Na verdade, a depredação da Mata Atlântica vem ocorrendo desde a colonização. Inicialmente, através da exploração do pau-brasil que era levado para Portugal e depois até a era atual, a devastação continua em função da expansão populacional das cidades e da conseqüente derrubada da floresta para exploração agrícola e pecuária e industrial. Assim é que, em Pernambuco, a Mata Atlântica deu lugar à cana de açúcar e o que antes era um paraíso tropical, virou uma vastidão linear e monótona de canaviais.
Também, em face das imposições econômicas, a redução da floresta foi se tornando uma triste realidade, da qual as árvores ainda existentes, são os resquícios da Mata Atlântica que deveria ser preservada a qualquer custo, proibindo-se por meio de uma severa e contínua fiscalização do IBAMA, órgão responsável pelo meio ambiente e pelos recursos ambientais, o corte desenfreado das espécies remanescentes, a fim de evitar a total extinção desse precioso patrimônio natural.
Por isso, não se justifica que todos os anos, o que ainda resta da Mata Atlântica sofra essa irresponsável depredação, em função de uma cultura alienada e destrutiva, qual seja esta de cortar milhares de árvores para transformá-las em fogueiras, alimentando um comércio ilegal e clandestino, provocando a destruição do meio ambiente e aumentando a poluição atmosférica com suas conseqüências desastrosas à camada de ozônio.

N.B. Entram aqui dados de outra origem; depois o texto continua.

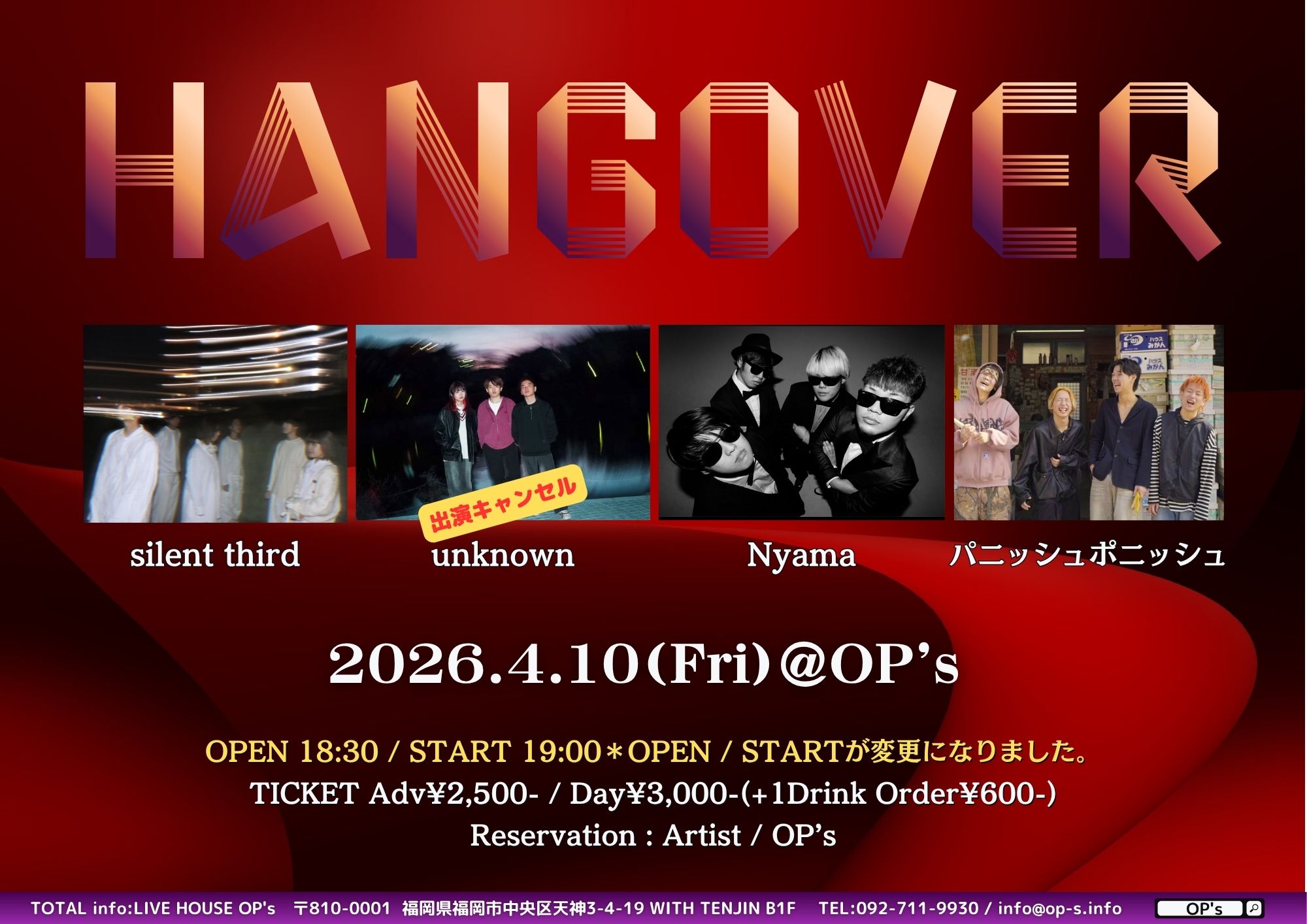 Hangover※OPEN/STARTが変更になりました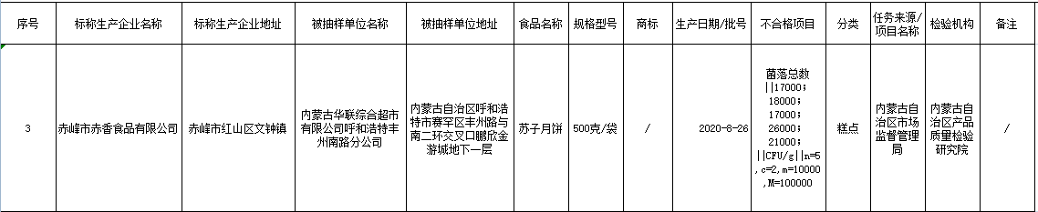 不合格产品信息第3项显示,由内蒙古华联综合超市有限公司呼和浩特丰州南路分公司销售的、标称赤峰市赤香食品有限公司生产的苏子月饼(规格型号:500克/袋;生产日期/批号:2020-8-26),菌落总数不合格。5次菌落总数检测结果分别为17000CFU/g;18000CFU/g;17000CFU/g;26000CFU/g;21000CFU/g,标准值为n=5,c=2,m=10000,M=100000。检验机构为内蒙古自治区产品质量检验研究院。

Urge, portanto, evitar-se o crime ecológico que está sendo perpetrado contra a Mata Atlântica, pois em cada fogueira é destruída parte da vida vegetal que levou séculos para se tornar uma árvore alta, forte e bela a recobrir a terra, oferecendo-lhe oxigênio, dando frutos, sombra e abrigo aos pássaros, aos animais e ao seu próprio carrasco, o homem. Este, a troco de dinheiro abate impiedosamente as árvores a fim de alimentar um costume medieval, obsoleto, que não passa de simples manifestação folclórica, destituída de sentido que justifique tamanha barbárie contra a natureza.
Assim, nas noites juninas, as fagulha que saltam das fogueiras em chamas, sejam como lágrimas das filhas árvores, chorando o transe de sua mãe, a Mata Atlântica; e sirvam para iluminar e despertar as consciências para lutarem contra essa terrível depredação anual do que sobrou da imensa floresta.
Viva Santo Antônio! Viva São João! Viva São Pedro e São Paulo! Salvemos a Mata Atlântica!